Once the images are set aside, write out the rest of the records exactly.

#### Information given
--- START ---
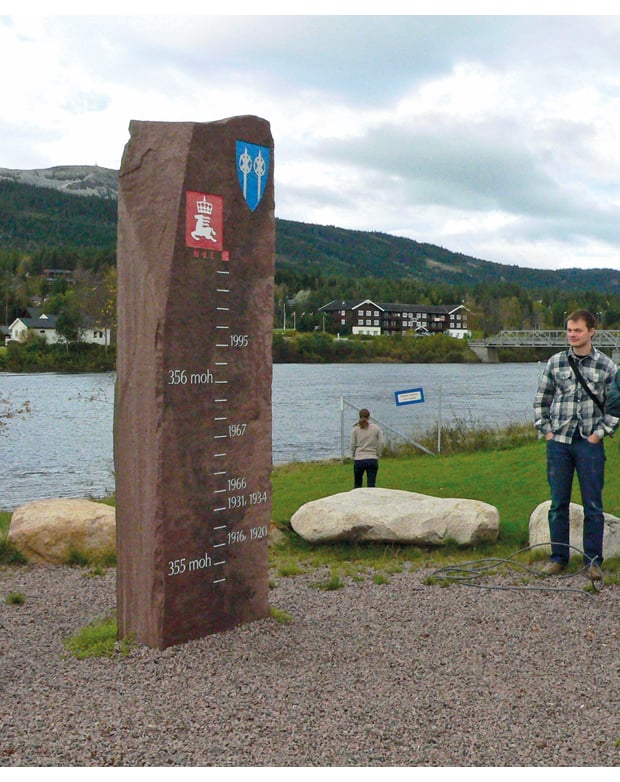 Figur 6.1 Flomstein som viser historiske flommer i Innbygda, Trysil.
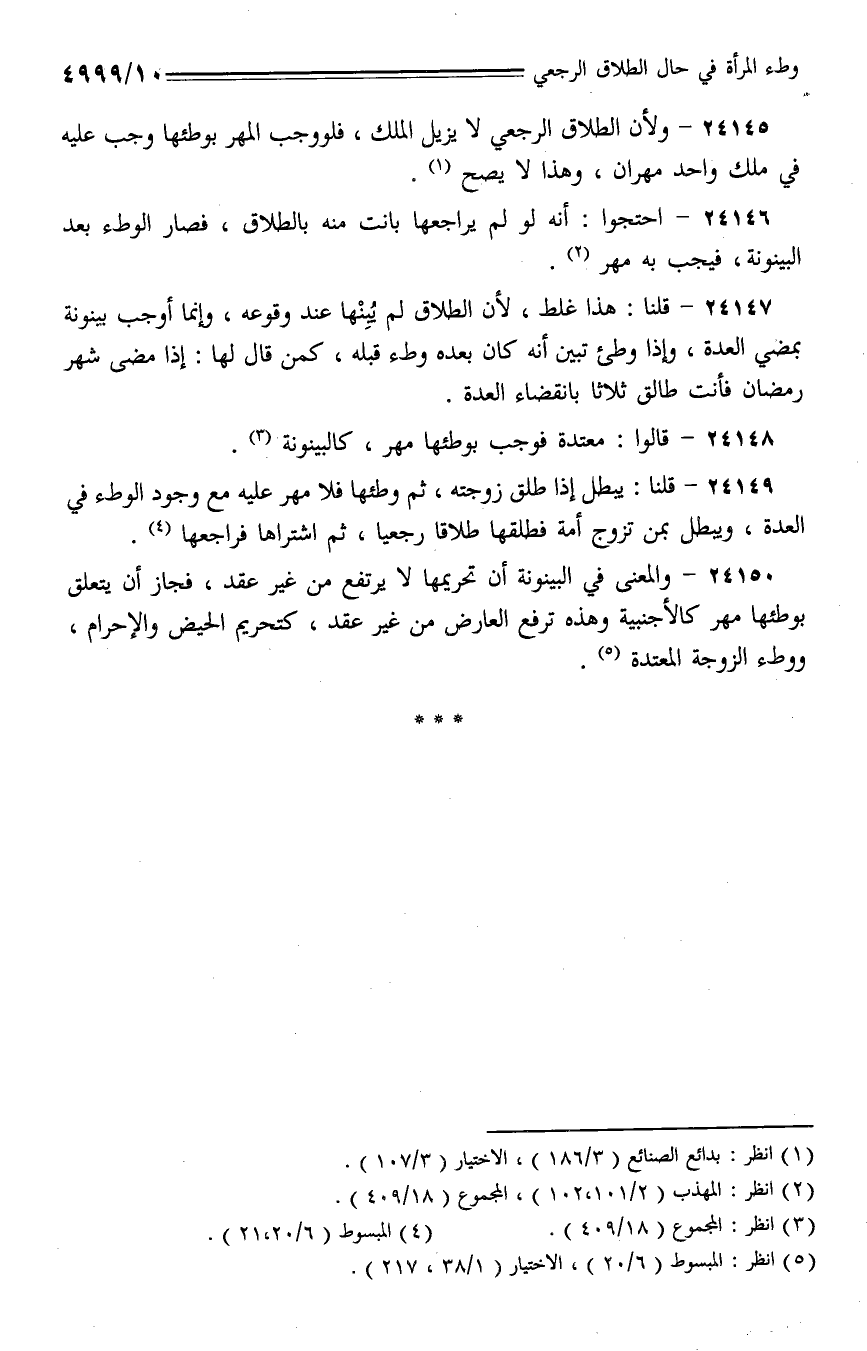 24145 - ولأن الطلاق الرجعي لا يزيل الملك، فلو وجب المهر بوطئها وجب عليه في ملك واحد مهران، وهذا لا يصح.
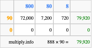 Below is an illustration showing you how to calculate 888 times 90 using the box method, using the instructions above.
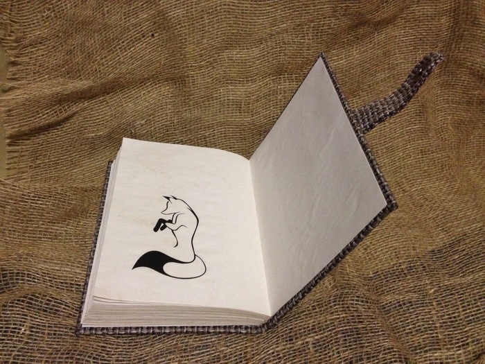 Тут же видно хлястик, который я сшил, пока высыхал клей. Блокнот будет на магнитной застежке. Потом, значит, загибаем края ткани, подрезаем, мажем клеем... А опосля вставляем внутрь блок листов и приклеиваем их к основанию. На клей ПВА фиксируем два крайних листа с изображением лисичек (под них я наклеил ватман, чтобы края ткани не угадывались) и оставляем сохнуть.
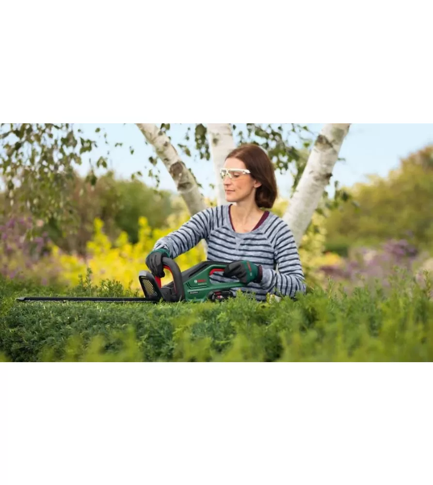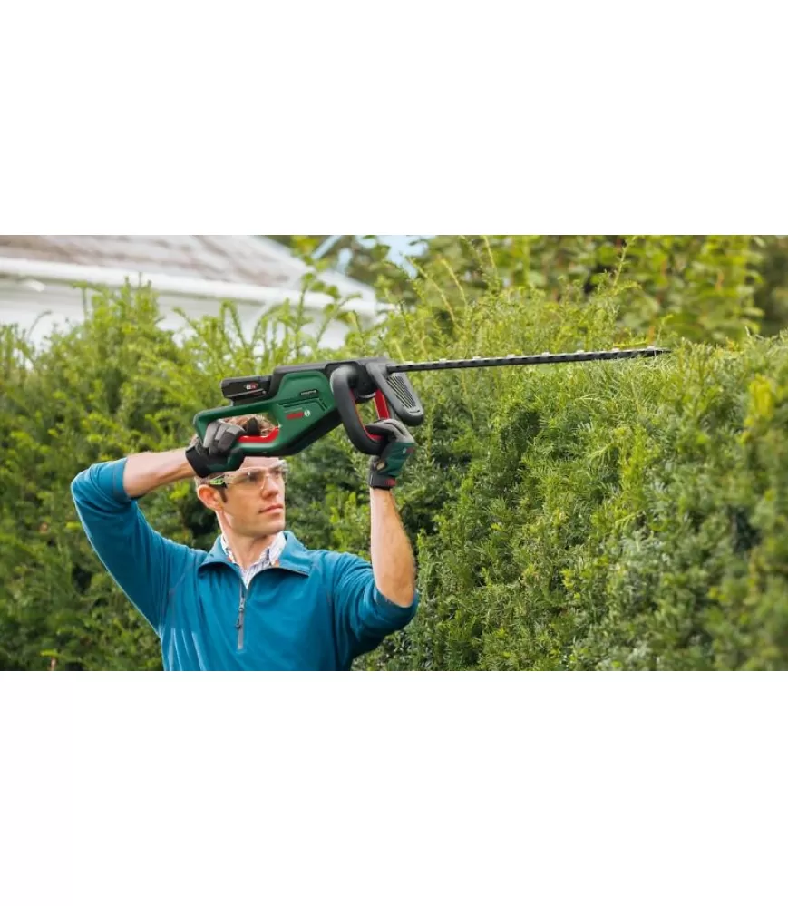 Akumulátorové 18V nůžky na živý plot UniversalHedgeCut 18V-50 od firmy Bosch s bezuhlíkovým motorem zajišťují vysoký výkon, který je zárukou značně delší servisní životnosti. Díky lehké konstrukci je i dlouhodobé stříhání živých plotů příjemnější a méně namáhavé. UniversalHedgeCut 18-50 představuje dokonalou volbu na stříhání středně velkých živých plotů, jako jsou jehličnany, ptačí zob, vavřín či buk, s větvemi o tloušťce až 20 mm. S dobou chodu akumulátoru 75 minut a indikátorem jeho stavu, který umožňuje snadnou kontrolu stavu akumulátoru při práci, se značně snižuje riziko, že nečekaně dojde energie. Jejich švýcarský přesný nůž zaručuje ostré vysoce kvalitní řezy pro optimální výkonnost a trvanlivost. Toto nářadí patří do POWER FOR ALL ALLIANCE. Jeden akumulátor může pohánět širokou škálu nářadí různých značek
--- END ---
#### Solved exercise
 Figur 6.1 Flomstein som viser historiske flommer i Innbygda, Trysil.
 24145 - ولأن الطلاق الرجعي لا يزيل الملك، فلو وجب المهر بوطئها وجب عليه في ملك واحد مهران، وهذا لا يصح.
 Below is an illustration showing you how to calculate 888 times 90 using the box method, using the instructions above.
 Тут же видно хлястик, который я сшил, пока высыхал клей. Блокнот будет на магнитной застежке. Потом, значит, загибаем края ткани, подрезаем, мажем клеем... А опосля вставляем внутрь блок листов и приклеиваем их к основанию. На клей ПВА фиксируем два крайних листа с изображением лисичек (под них я наклеил ватман, чтобы края ткани не угадывались) и оставляем сохнуть.
 Akumulátorové 18V nůžky na živý plot UniversalHedgeCut 18V-50 od firmy Bosch s bezuhlíkovým motorem zajišťují vysoký výkon, který je zárukou značně delší servisní životnosti. Díky lehké konstrukci je i dlouhodobé stříhání živých plotů příjemnější a méně namáhavé. UniversalHedgeCut 18-50 představuje dokonalou volbu na stříhání středně velkých živých plotů, jako jsou jehličnany, ptačí zob, vavřín či buk, s větvemi o tloušťce až 20 mm. S dobou chodu akumulátoru 75 minut a indikátorem jeho stavu, který umožňuje snadnou kontrolu stavu akumulátoru při práci, se značně snižuje riziko, že nečekaně dojde energie. Jejich švýcarský přesný nůž zaručuje ostré vysoce kvalitní řezy pro optimální výkonnost a trvanlivost. Toto nářadí patří do POWER FOR ALL ALLIANCE. Jeden akumulátor může pohánět širokou škálu nářadí různých značek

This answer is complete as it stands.